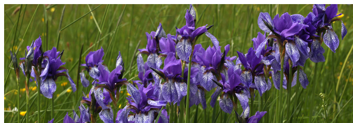
Sibirske perunike ( Iris sibirica )
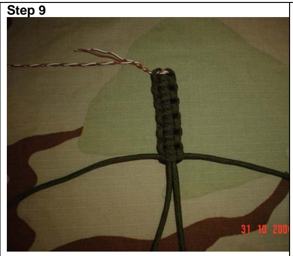
As you can see now the bracelet is taking a nice shape.
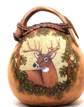
Class T – 4A $100 8 AM – 4 PM Deer Pyrography & Colored Pencil Hellen Martin Skill level - All
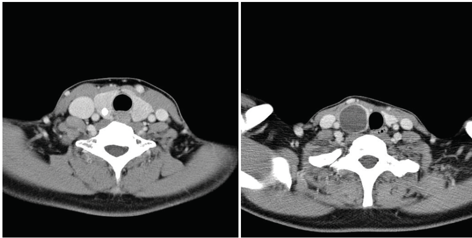
Figure 1. A) Computed tomographic image shows a 0.7 cm sized calcified nodule with no extrathyroidal extension and no lymph node metastasis in patient 1. B) In patient 2, the computed tomographic image shows a 3 × 3 cm-sized homogenous cystic nodule in the right thyroid gland.
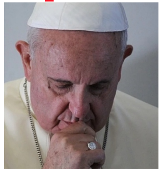
"I join in the prayer for the survivors and the dead," added the supreme pontiff, according to a statement from the Holy See's press office.

On Sunday noon, after praying the Angelus from the window of his study, in the Vatican Apostolic Palace, before more than 30,000 people gathered in St. Peter's Square, Francis said that "my thoughts are directed to the numerous families of South Korea who are today in mourning after the dramatic plane crash."
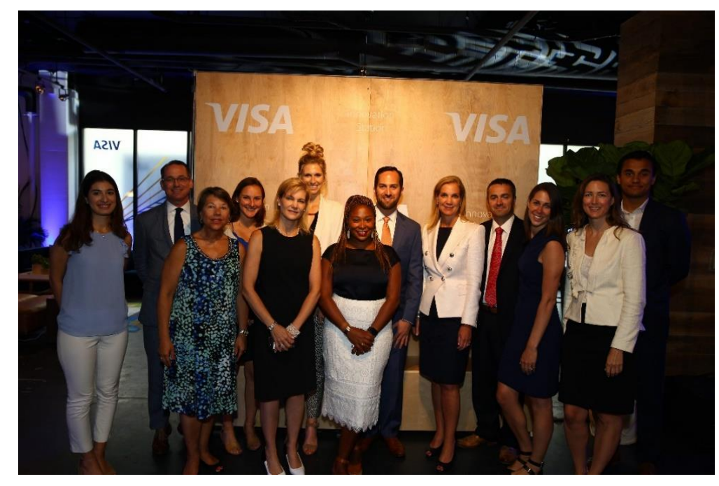
Team Visa at the Innovation Activation
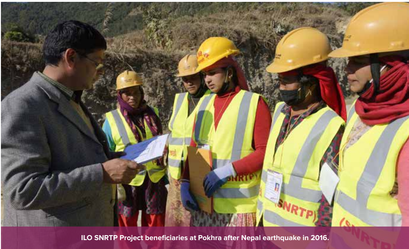
ILO SNRTP Project beneficiaries at Pokhira after Nepal earthquake in 2016.

It is expected that the disaster-affected areas would see a higher level of reconstruction activities in the short- to medium-term. While the infrastructure build-back would be driven mainly through public spending, private expenditure on reconstruction is also expected to go up. Reconstruction activities would require a workforce with multiple skills, and most of such works would be contracted out. Construction enterprises from other regions of the country or even internationally could also seek these contracts and send their workforce for reconstruction projects. As and when construction activity momentum picks up, key issues may be expected to emerge around
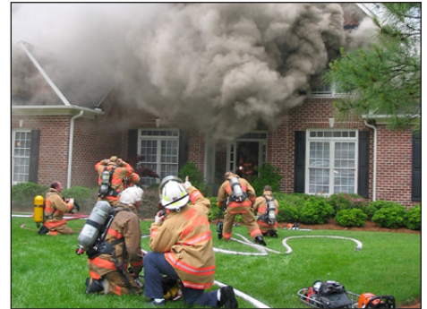
CUTLINE: House on fire.
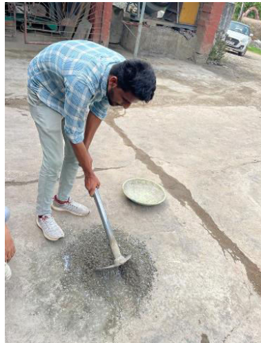
Fig.2: Handmixing of materials
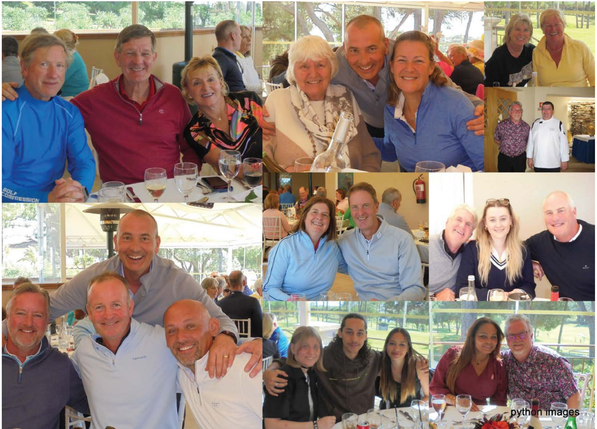
Easter Scramble Lunch
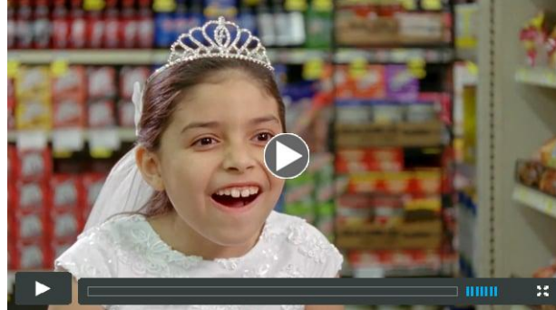
THESE COLORS DON'T RUN Trailer

What's the best way to brag about your accomplishments? With a Members in the News article, of course. Not only can you include a photo and your website, it is archived at wifv.org and adds to your SEO. Submit your paragraph, jpg photo, and any links to director@wifv.org by the 10th of the month.
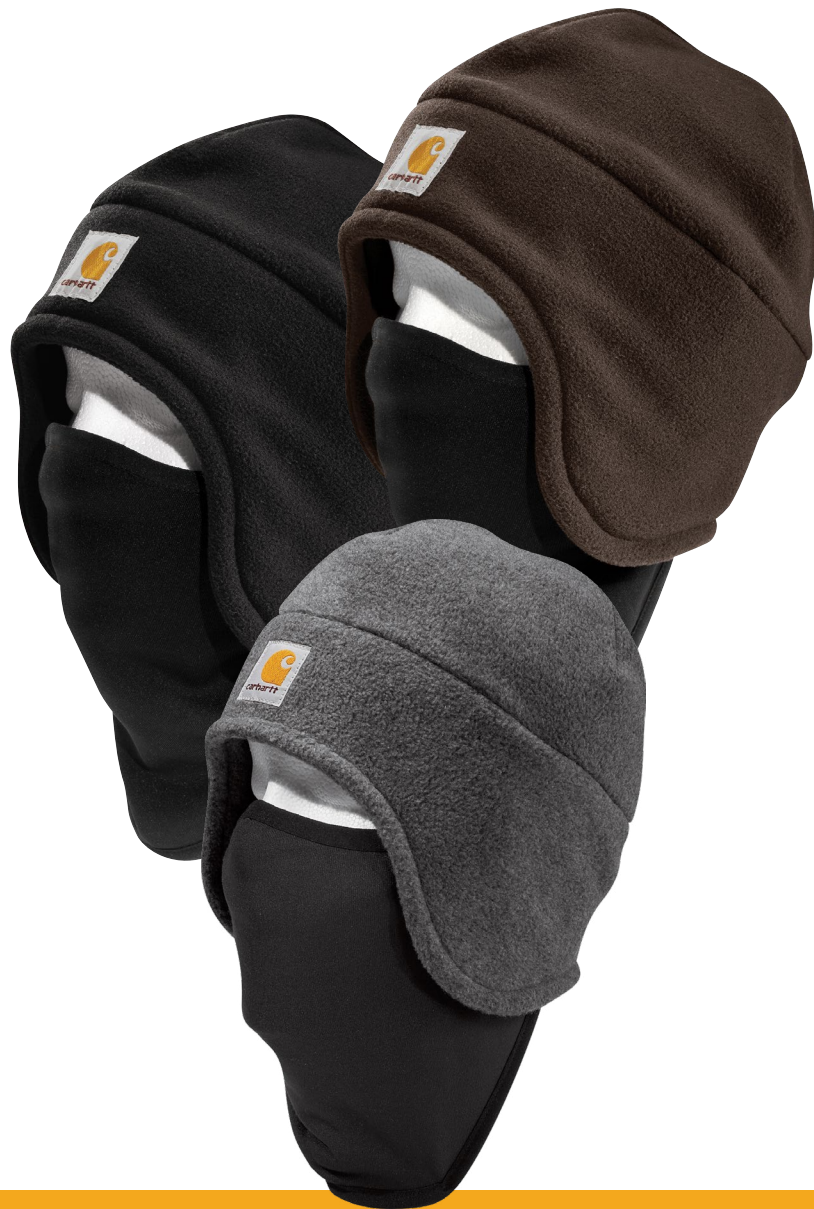
Fleece Hat CTA207

== == ==

Work to complete
Using the entries above, transcribe every line from the line containing "As you can see" through the line containing "ILO SNRTP Project". Do not copy pictures.

Result below
As you can see now the bracelet is taking a nice shape.
Class T – 4A $100 8 AM – 4 PM Deer Pyrography & Colored Pencil Hellen Martin Skill level - All
Figure 1. A) Computed tomographic image shows a 0.7 cm sized calcified nodule with no extrathyroidal extension and no lymph node metastasis in patient 1. B) In patient 2, the computed tomographic image shows a 3 × 3 cm-sized homogenous cystic nodule in the right thyroid gland.
"I join in the prayer for the survivors and the dead," added the supreme pontiff, according to a statement from the Holy See's press office.

On Sunday noon, after praying the Angelus from the window of his study, in the Vatican Apostolic Palace, before more than 30,000 people gathered in St. Peter's Square, Francis said that "my thoughts are directed to the numerous families of South Korea who are today in mourning after the dramatic plane crash."
Team Visa at the Innovation Activation
ILO SNRTP Project beneficiaries at Pokhira after Nepal earthquake in 2016.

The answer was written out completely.